3. That there should be transparency, primarily in connection with the research of museums, as many currently do not publish their findings if they come to the conclusion that a work was not lost due to Nazi persecution. This may also relate to the Limbach Commission which is currently denying the Sachs heir access to the files of the 2008 procedure, and which is the cause for the current court case in Magdeburg.
4. That the Commission should have procedural rules like any arbitration body.
5. That a representative of a Jewish organisation be on the Commission.
Taken all together these changes would make the Commission a very different kind of Institution. Parzinger's proposals met with no opposition during the DZK 's conference.

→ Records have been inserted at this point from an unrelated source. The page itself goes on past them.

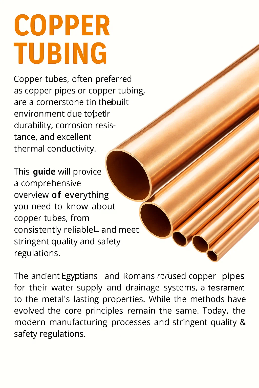 水を輸送するための銅の使用は、数千年前にさかのぼります。古代エジプト人とローマ人は、金属の永続的な特性の証である給水と排水システムに銅パイプを使用しました。方法は進化していますが、コア原則は同じままです。今日、最新の製造プロセスと標準化されたプラクティスは、銅管が一貫して信頼できることを保証し、厳しい品質と安全規制を満たしており、それらを構築された環境の重要な要素にしています。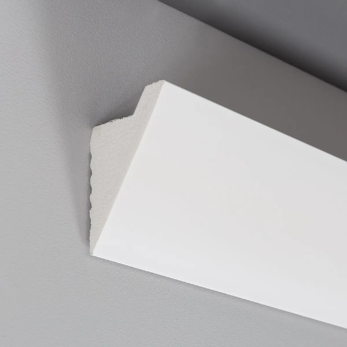 Cette moulure permet une installation rapide et peinture sa surface. Elle peut être coupée à l'aide d'une scie à main ou scie sauteuse. Légère, elle maintient l'uniformité du produit, très résistante, elle ne peut pas être pliée. Pour son installation, il suffit de disposer d'un adhésif de type Polymer.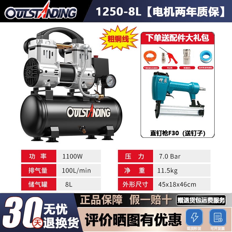 • 두꺼운 구리 1250-8L [튜브 7m개 + 직선 못총 강철 못총]_[2년 이내 새 모터 교체 보장, 17년 동안 공기 압축기에 집중]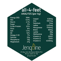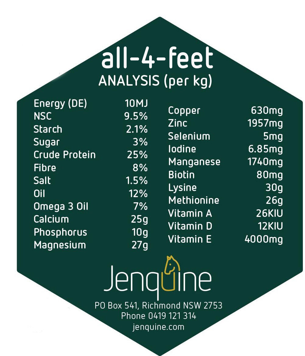 all-4-feet® includes: free-form amino acids, added lysine & methionine, minerals (organic & inorganic), calcium, copper, iodine, magnesium, manganese, phosphorus, potassium, selenium, probiotics, vegetable protein meals (including soy, canola, lucerne, linseed), vitamins A, B-group, D, E, biotin & organic yeast.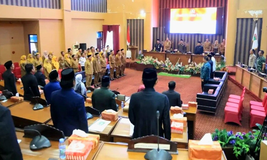 Rapat dipimpin Wakil Ketua II DPRD Tanah Bumbu, Sya’bani Rasul, didampingi Wakil Ketua I, Hasanuddin, yang dihadiri Asisten Pemerintahan dan Kesra, M. Putu Wisnu Wardhana, mewakili Bupati Andi Rudi Latif di Ruang Sidang Utama, Selasa (7/10/2025).

Parzinger also stressed, like the German Cultural Minister Monika Grütters the day before, that there should be no doubt that the persecution of Jews in Germany started in 1933. This was apparently a reaction to criticism by Holocaust historians concerning a remark in a brief to a US Court related to the Guelph Treasure and to the publication here of an English translation of the Commission's Recommendation in the case of Behrens v. Düsseldorf in which the Advisory Commission had held that Jewish bankers had not been persecuted and had unimpaired access to the courts till mid 1935.
Parzinger also emphased that German cultural institutions confronted with claims must show (in cases of allegedly forced sales) that the price paid to a persecuted person was fair and that the persecuted person actually received the money at his/her free disposal, the implication being, contrary to the Behrens decision made by the Commission, that the work of art be considered looted if both conditions are not met. In its recommendation the Commission also deviated from the policies set out in the 'Handreichung', first issued in Germany in 2001.